早いもので、今年最後の寄稿となりました。私は年が明けると4 月で 50 歳になります。20 代の頃と気分はあまり変わっていないのですが、老眼、白髪、腰痛……身体は着実に年を重ねておりますね 笑

稲盛和夫氏は長期計画を立てない

今年 8 月、経営の神様と言われた稲盛和夫氏が亡くなりました。
私が説明するまでもなく、日本を代表する経営者でした。過去にマスコミで名経営者と取り上げられた方が、晩節を汚すのを何度も目にしました。京都・宝厳院の住職も「人は不完全であり、決して完全な存在ではない」と仰っていました。その通りだと思いますが、その意味でも晩年に JAL の再建まで成し遂げ、経営者の鑑で在り続けた稲盛氏は、本当に稀有な存在であられたと思います。
 その稲盛氏の言葉をまとめた『経営12カ条』という本が最近出版されました。是非手にとって読んでいただければと思いますが、その中で、「私は長期計画は立てる必要はないと思っている。市場の変化による度重なる下方修正で反故にされる計画なら、ない方が良い。尺取り虫の歩みのように毎年やるべきことをやり遂げるのみだ」との旨がありました。
 実は、似たようなことをサムスン JAPAN の方(パン)社長も仰っていました。「これだけ市場変化が速い中で、長期計画などは意味をなさない。我々は優秀な人材を確保することのみに注力している。彼らが勝手に未来を創ってくれる」
 大事なのは、目の前の目標を何がなんでも達成する姿勢だと思います。逆に良くないのは、目標を達成しなくてもよいような雰囲気が会社を支配する、いわば負け癖がつくことです。かつての阪神タイガースのように、一度負け癖がついた組織を立て直すのは至難の業です。
 長期的な計画・目標が全く要らないとは思いません。しかし、それに縛られて思考の柔軟性を失うと、固定費だけが増加するなどして致命傷になりかねませんので、ご注意いただければと存じます。

計画達成を制度に落とし込む

 立てた計画は達成されないと意味がありません。それには部署、スタッフ一人ひとりの行動にまで何をどうすべきか、具体策を浸透させる必要があります。例えば、歯科の業界では患者さんの口腔状態の維持のために、定期メンテナンスを行うことが推奨されています。しかし、患者さんに支持されて忙しい医院ほど、衛生士の定着率が落ちるというジレンマがよく問題になります。
 そこで大阪のある歯科医院は、「患者さんのメンテナンスを月間100 回行なったら、翌月から自分のシフトを自由に決めて良い。ただし、100 回を切った翌月はこの制度は適用できない」というちょっと変わった制度を取り入れました。
 つまり、自分の担当する患者さんを増やして、予約を自分でコントロールすれば、長期休暇も取れるわけです。
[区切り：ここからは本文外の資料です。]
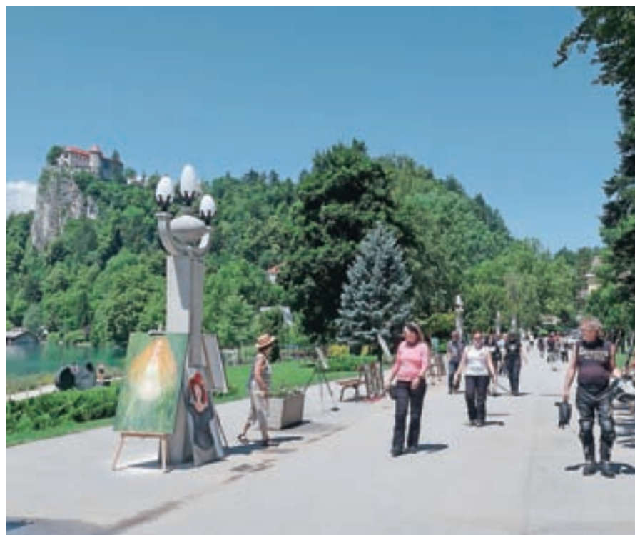
Slikarsko društvo Atelje Bled je v sodelovanju z Občino Bled in Turizmom Bled pripravilo razstavo likovnih del Promenada 2020.
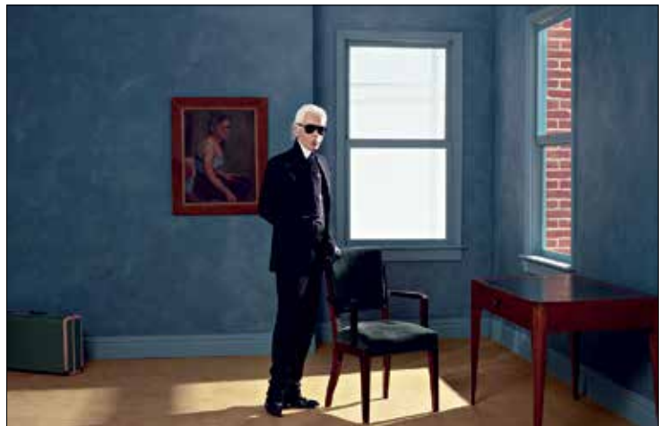
Karl Lagerfeld Autoportrait, New York 2011 • Impression jet d'encre couleur sur papier Fabriano 50 x 70 cm © 2015 Karl Lagerfeld
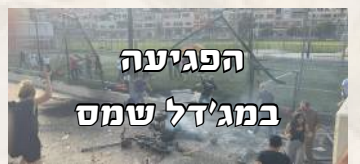
הפגיעה במג'דל שמס

ב-30/7/24 חוסל המפקד הצבאי הבכיר ביותר בחיזבאללה, פואד שוכר, שהיה גם יועץ קרוב לנשראללה וחבר מועצת הג'יהאד
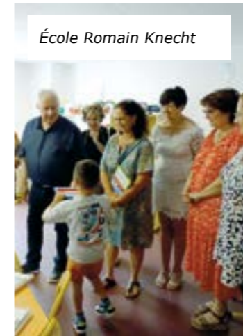
École Romain Knecht
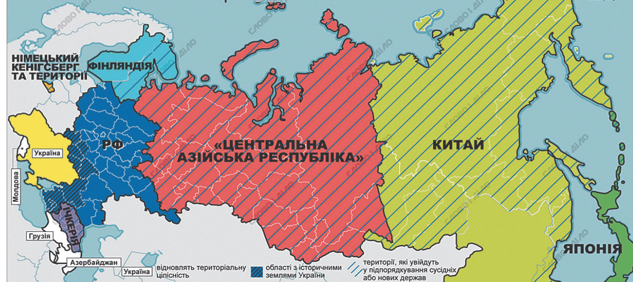
Класно, звісно, було б...

すると結果は、100 回どころか毎月 120 回以上行なって、この制度を維持しているそうです。これは、医院の目標がスタッフの実利に結びついているからこそ達成できているわけです。さらには、患者さんの健康維持にも役立っているので正に三方良しです。
 多くの企業で短期、長期の目標が立てられていると思いますが、その結果、スタッフの給与、生活がどうなるのか?がぼやけているのを目にします。会社の目標とスタッフへの還元は、必ずセットにしなければ、スタッフは動いてくれません。
 弊社は、利益還元として決算賞与という制度を続けていますが、上記のように「休み」や「特権」という形でスタッフに還元するのも面白いと思います。ある企業では、営業成績上位者は車通勤で駐車場の特等席(会社の玄関近く)に停めることが認められており、それがモチベーション維持に一役買っているそうです。お金を使わずとも、工夫次第で色々できそうですよね!
 さて、今年も皆様には大変お世話になり、心から感謝申し上げます。来年もスタッフと共に皆様の経営に貢献したいと思っておりますので、どうぞよろしくお願い致します。今年の冬は例年より寒くなるとのこと。お身体大切に、良い年をお迎えください。

アントニオ猪木氏の”燃える闘魂”

2022.12.01更新

先日アントニオ猪木氏が他界されました。
小学生の頃、毎週金曜日の8時になったらテレビにかじりついてプロレスを見ていました。
同級生に無理やりかけた卍固め、プールサイドでの延髄斬り…。
今なら大問題にされたことでしょう。

皆さんご存知のとおり、猪木氏の代名詞は「燃える闘魂」
YouTubeの「最後の闘魂」も見ていましたが
まさに真っ赤に燃え続けた人生ではなかったかと思います。

今一人、燃える闘魂を推奨している方が亡くなられました。
京セラの創始者 稲盛和夫氏です。
稲盛氏が猪木氏のファンだったかは存じ上げませんが、
経営において最も大事な12条に掲げられるくらいですから、少なからず影響を受けていたのだろうと推察します。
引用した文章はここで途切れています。